HASH SETS HashKeeper-полностью автономный продукт, позволяющий создавать, редактировать hash sets и осуществлять при помощи hash sets проверку файлов. Все остальные вышеназванные это только базы для загрузки в программы поддерживающие работу с ними. Правда в последнее время на сайте NSRL выложили утилиту для самостоятельного создания контрольной суммы, но так как прямую работу с NSRL RDS поддерживает только Encase и Autopsy Forensic Browser (*nix), то она пока не сильно востребована. В общем, HashKeeper стандарт де-факто в этой области. Для взаимной конвертации баз созданных разными программами ФБР выпустила утилиту hashkonverter - вещь маленькая, но весьма удобная.
File Signature Header
Чем примечательны эти два способа. Они позволяют не только определить принадлежность какого-либо файла, но и, зачастую, идентифицировать программу его создавшую или заострить внимание на каких либо файлах (в рамках конкретного дела). Так выглядит анализ файлов по заголовку и hash set в программе Encase Как видим переименование PETools.exe в test.jpg и notepad.exe, соответсвенно user32.dll в test.rar не мешает правильно определить формат и происхождение файлов. Так же при помощи базы hash set можно достаточно быстро оценить в каком направлении вести поиск к примеру если проверка показала наличие стегано графических программ то есть смысл для проверки графических файлов использовать программы stegdetect и Gargoyle таким образом значительно сокращая время на исследование. Какие еще используются программы?
Encase [Скриншот 65к] (www.guidancesoftware.com)
Один из старожилов рынка - продукт весьма интересный и достойный. Подробно описывать все достоинства данного объекта - занятие тяжкое (для интереса - сама программа размером около двух мегабайт, а вот руководство пользователя около 10, не говоря о дополнительной документации), поэтому очень коротко: не то чтобы все в одном, но очень многое.
С помощью encase можно создать образ диска (HDD, CD) с последующим восстановлением, можно подключить и исследовать образ в raw-формате,с последующим восстановлением (ежели надобность есть). Поддерживается работа с RAID, можно исследовать PALM, работает со следующими файловыми системами: Те кто работает с Adobe Photoshop знают насколько удобна работа с plugin, в Encase тоже существуют plugin, называются enscript, но сути дела это неменяет.

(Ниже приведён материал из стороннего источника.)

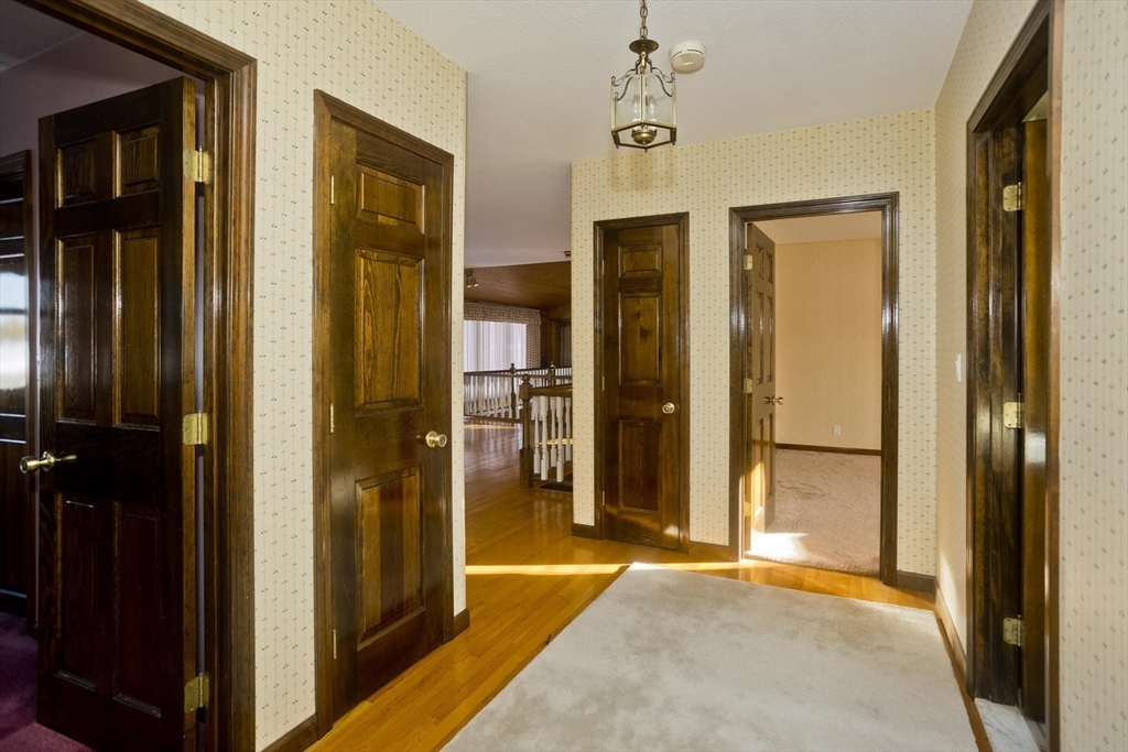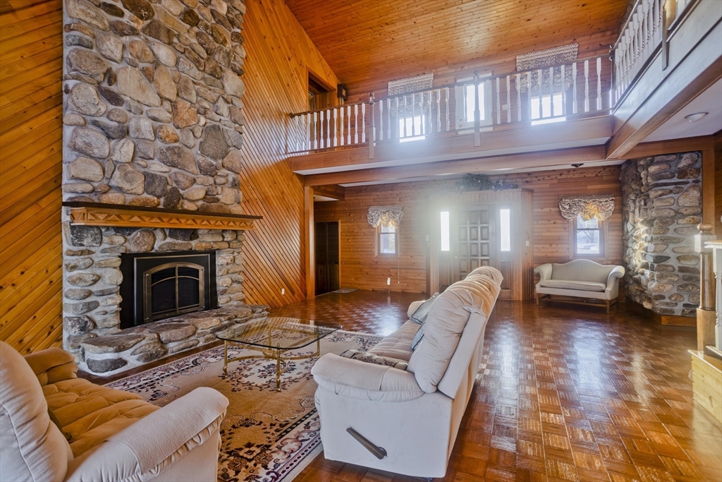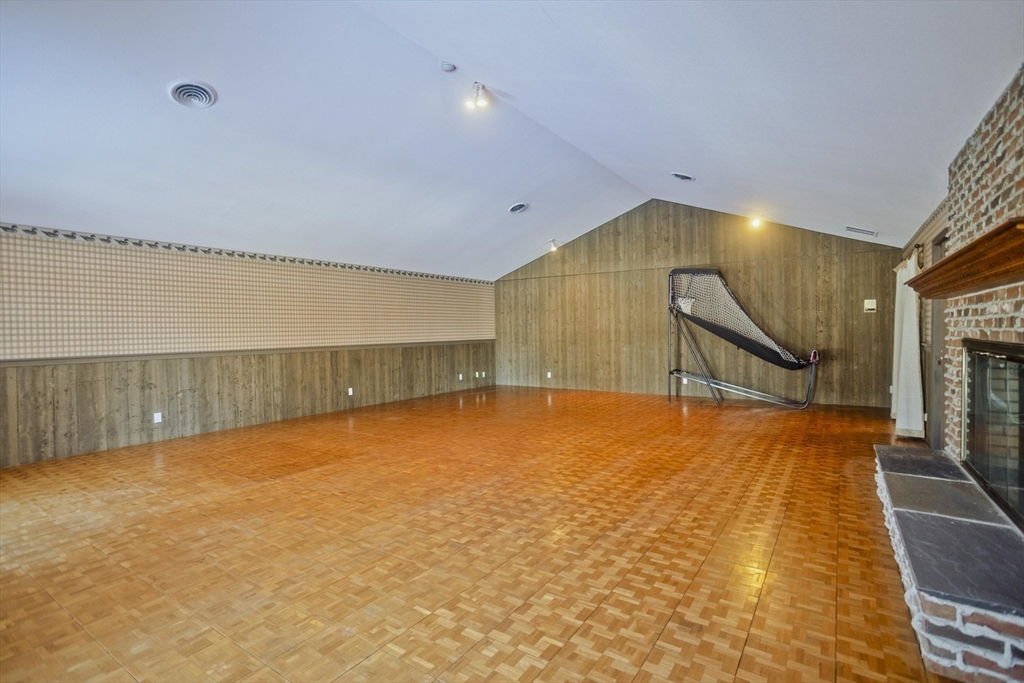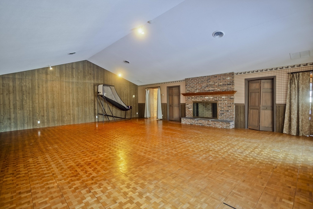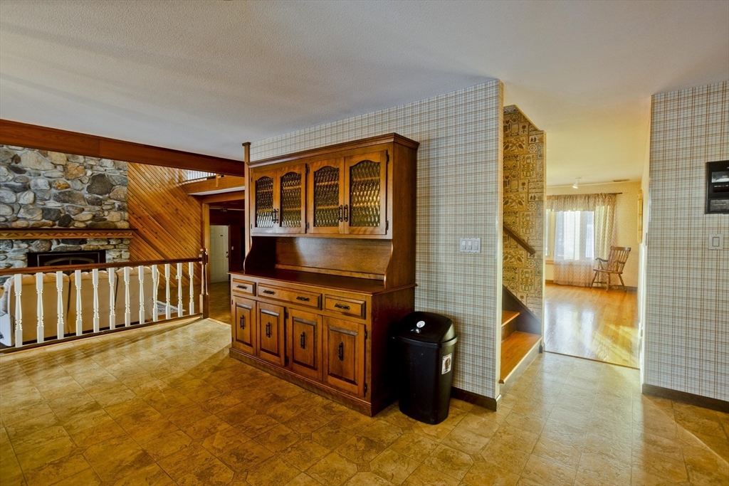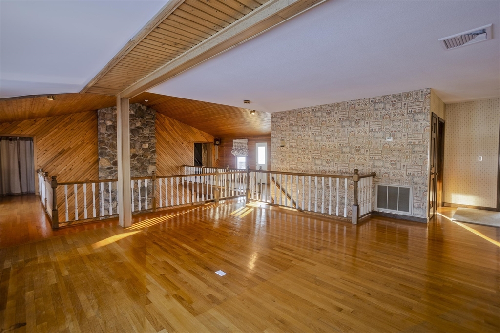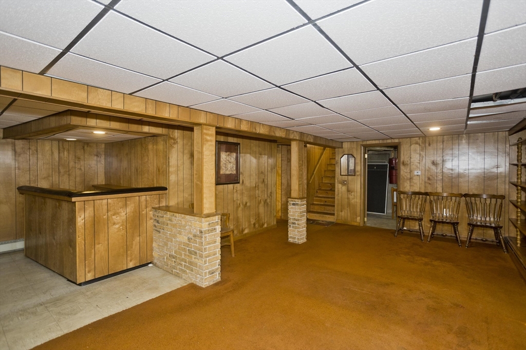 This house feels like a love letter to craftsmanship and warm, unapologetic vintage charm! From the moment you step into the living room, you’re wrapped in rich, honey-toned wood walls that run floor to ceiling w/natural light open to the 2nd floor. The home offers 4 generously sized bedrooms and 3 full bathrooms, including an exceptionally large primary suite w/two closets and it's own en-suite. The kitchen features beautiful vintage cabinetry full of character and original detail, impossible to replicate today. One of the most charming details is the original intercom system w/a built-in tape player and radio. Downstairs, the finished basement opens into a full bar and entertainment space giving retro lounge vibes! Back on the second floor you'll find an expansive game room full of natural light, another fireplace and large sliders just waiting for a balcony to be added. Outside is stone walkways, a stone patio and an above ground pool. This home is 4,800 sq ft of pure vintage joy!

На сайте производителя есть приличная подборка Enscript, позволяющая автоматизировать процесс или расширить функциональность, если есть желание Enscript можно написать и самому под свои собственные нужды. Из недостатков самый главный-это цена, остальное можно пережить. Не хватает поддержки работы с архивами, и хотелось чтоб расширили возможности просмотра файлов (можно указать внешню программу как Quickview plus или Thumbsplus, но это не всегда удобно), также нужно обратить внимание, что в настройках для File Signatere Header иногда указаны только расширения, а не HEX,Unicode и GREP Expression, то бишь придется набирать вручную. А в остальном - Вещь.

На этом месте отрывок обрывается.